Dodon viene sostituito ad interim dall'ex primo ministro e membro dell'opposizione che scioglie il parlamento e chiede elezioni anticipate appena 24 ore dopo il giuramento della prima ministra
È una trama degna del più intricato dramma politico quella della crisi in Moldova, eppure parliamo del più piccolo e più povero Paese d'Europa, in 24 ore caduto nel caos più totale.
Questa domenica la corte suprema ha sospeso il presidente Igor Dodon; al suo posto, ad interim, è arrivato l'ex primo ministro Pavel Filip, partito democratico, che preso il potere ha annunciato lo scioglimento delle camere e indetto elezioni anticipate per il 7 settembre.

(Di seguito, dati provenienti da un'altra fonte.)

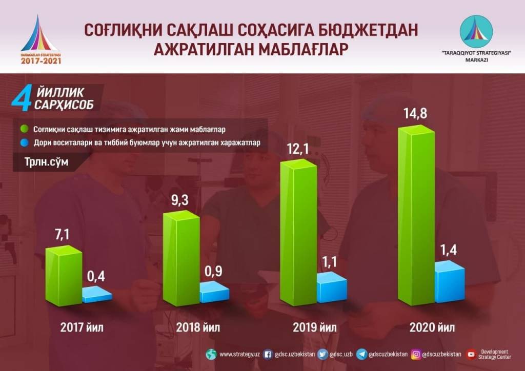 «Тараққиёт стратегияси» маркази томонидан тақдим этилган таҳлилга кўра, Ҳаракатлар стратегияси доирасида соғлиқни сақлаш соҳасидаги ислоҳотлар самарадорлигини ошириш учун 2017-2020 йиллар оралиғида соғлиқни сақлаш тизимига бюджетдан ажратилган маблағлар ҳажми 7,1 трлн.сўмдан 14,8 трлн.сўмга, дори воситалари ва тиббий буюмлар учун ажратилган харажатлар эса 0,4 трлн.сўмдан, 1,4 трлн.сўмга оширилган.

Proprio Filip, mentre i suoi supporter manifestavano nelle vie della capitale a migliaia, ha organizzato la deposizione con l'accusa all'ex presidente Dodon, di non aver sciolto il parlamento come avrebbe dovuto visto che gli eletti non avevano trovato entro il termine di legge del 7 giugno una maggioranza e un primo ministro.
Fatto che in effetti è accaduto solo l'8 giugno, quando dopo 5 mesi di stallo dopo le elezioni di febbraio, la prima ministra civica Maia Sandu ha giurato supportata dal blocco pro-europeo ACUM e dai socialisti filorussi, tutti interessati a mandare a casa gli oligarchi di prima, guardando con favore a Bruxelles.
Ma il giuramento di Maia Sandu è fumo negli occhi per il partito democratico e il suo leader, il tycoon filantropo accusato di corruzione dagli avversari politici Vladimir Plahotniuc.
Non è ancora chiaro se gli ordini del nuovo presidente verranno rispettati, se così fosse di fatto verrebbe mandata a casa quella che doveva essere la prima ministra del cambiamento, dopo appena 24 ore.